# Ghost colour variations



## Iconic Inverts (Sep 7, 2020)

*The variation in ghost colouration is one of the things that makes me love them so much. These are three of the females we are holding back from our oothecae. They all came from the same ootheca and have been kept together under the same conditions.*


----------



## MantisMart (Sep 7, 2020)

So awesome! Ive always wanted a green ghost!


----------



## Iconic Inverts (Sep 7, 2020)

A little hint. If you get a light coloured ghost and keep them slightly more humid (misting every day) they are more likely to turn out green as an adult if they are female.


----------



## MrGhostMantis (Sep 7, 2020)

Actually it has nothing to do with that, it’s completely random. I’ve tested it.


----------



## Iconic Inverts (Sep 8, 2020)

MrGhostMantis said:


> Actually it has nothing to do with that, it’s completely random. I’ve tested it.


That’s very interesting. How big was your group that you studied?


----------



## MrGhostMantis (Sep 8, 2020)

5 mantids, all light colored except 1 dark.
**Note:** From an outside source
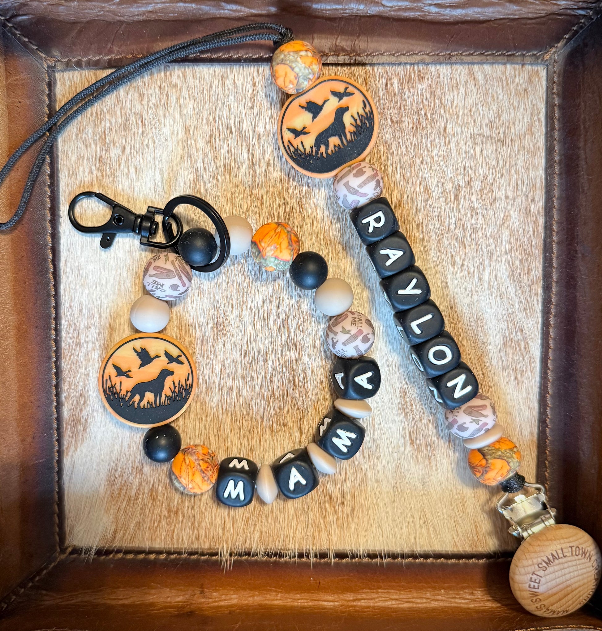 silicone beaded stretchy mama wristlet and silicone beaded pacifier holder with beechwood clip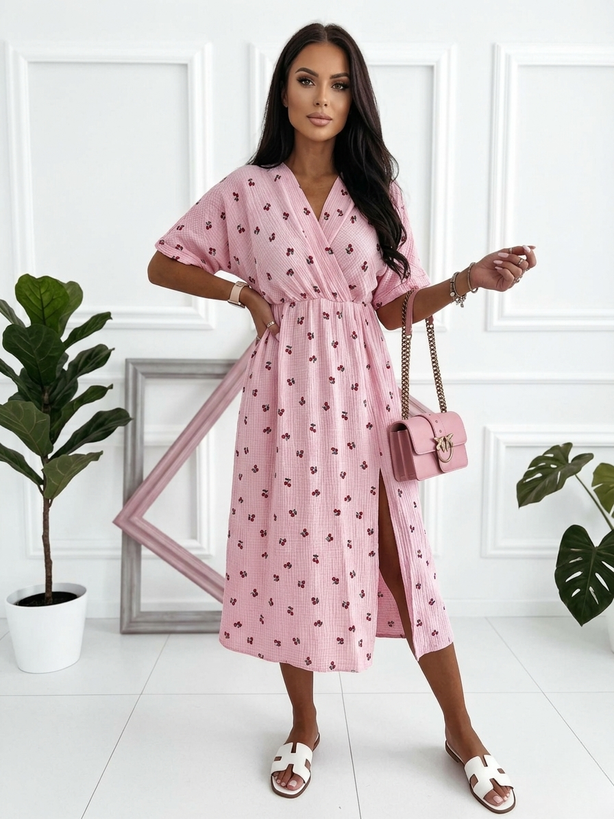 sukienka bawełniana, sukienka z wisienkami, sukienka muślinowa, sukienka kopertowa, sukienka midi na lato, letnia sukienka bawełna, sukienka we wzory, przewiewna sukienka, modna sukienka na wakacje, sukienka z rozcięciem.

Left the dark with high humidity and it didn’t change color. The others stayed yellows and brown.


----------



## MantisGirl13 (Sep 8, 2020)

I've experimented too.

- MantisGirl13


----------



## Iconic Inverts (Sep 8, 2020)

MantisGirl13 said:


> I've experimented too.
> 
> - MantisGirl13


What were your findings?



MrGhostMantis said:


> 5 mantids, all light colored except 1 dark. Left the dark with high humidity and it didn’t change color. The others stayed yellows and brown.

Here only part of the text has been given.